Silver-Champion-4846@reddit
Mozilla TTS? Didn't that become Coqui TTS, which then became abandoned as the company shut down?
MaruluVR@reddit
GPT Sovits supports English, Chinese, Japanese, Korean and Cantonese with 0 shot voice cloning and custom voice fine tuning. You can make the voices sigh and laugh. It excels at Asian languages probably the best Japanese open source one out there, but not the best at English.
randomanoni@reddit
Piper is good. Otherwise Kaldi might be a good fit.
Ok_Needleworker_5247@reddit
You might want to explore MBROLA or eSpeak NG, which offer good multi-lang support and can work offline. Also, Mozilla TTS has been evolving well with diverse voice models. Consider checking licensing terms for each, especially if distributing voice samples. For distribution, AI models often need explicit permissions for voice cloning. This article might help in assessing model characteristics and compatibilities.
DeProgrammer99@reddit
Anki can use any installed TTS engine on Android; not sure about other OSes. I couldn't find a package for a TTS engine that's as good or better than Kokoro and supports Japanese, though. Would be awesome to see that.

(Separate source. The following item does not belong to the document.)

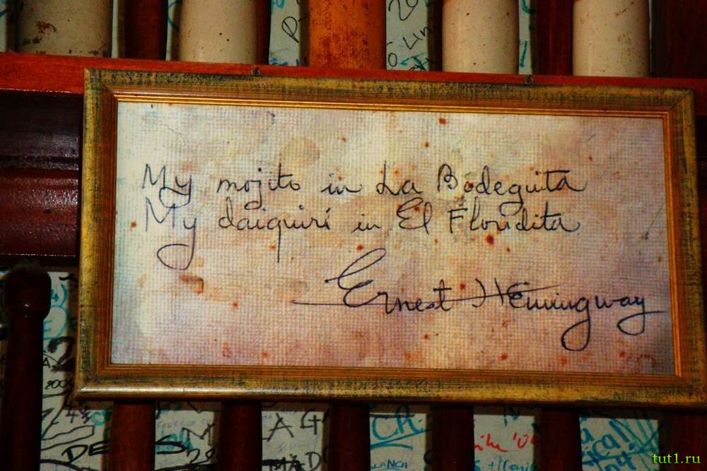Имя Эрнеста Хемингуэя тесно связано с Кубой так же как и имена Колумба или Че Гевары. Американский писатель, лауреат Нобелевской премии, жил на Кубе в течении 20-ти лет, начиная с 1939-го года. Впервые он посетил эти места в 1928-м году и каждый раз останавливался в 511 номере отеля Ambos Mundos в старой части Гаваны. Благодаря ему, два бара под названием La Bodeguita del Medio и Floridita стали известны на весь мир.

Routine_Internal_771@reddit
(I wrote the code and didn't think people were going into the weeds with TTS)
AnkiDroid only uses the currently selected TTS engine for voice discovery
If this is causing you problems, please add an issue to our GitHub and we can fix it to use all system voices
Black-Mack@reddit
I think they meant a TTS model problem not an AnkiDroid problem.
In fact they mention AnkiDroid picking the system TTS as a feature not a bug.
Thank you for the work you've done to improve the app :)
utilitycoder@reddit
How do you develop an Anki add-on? I would be interested in the reverse speech and pronunciation scoring.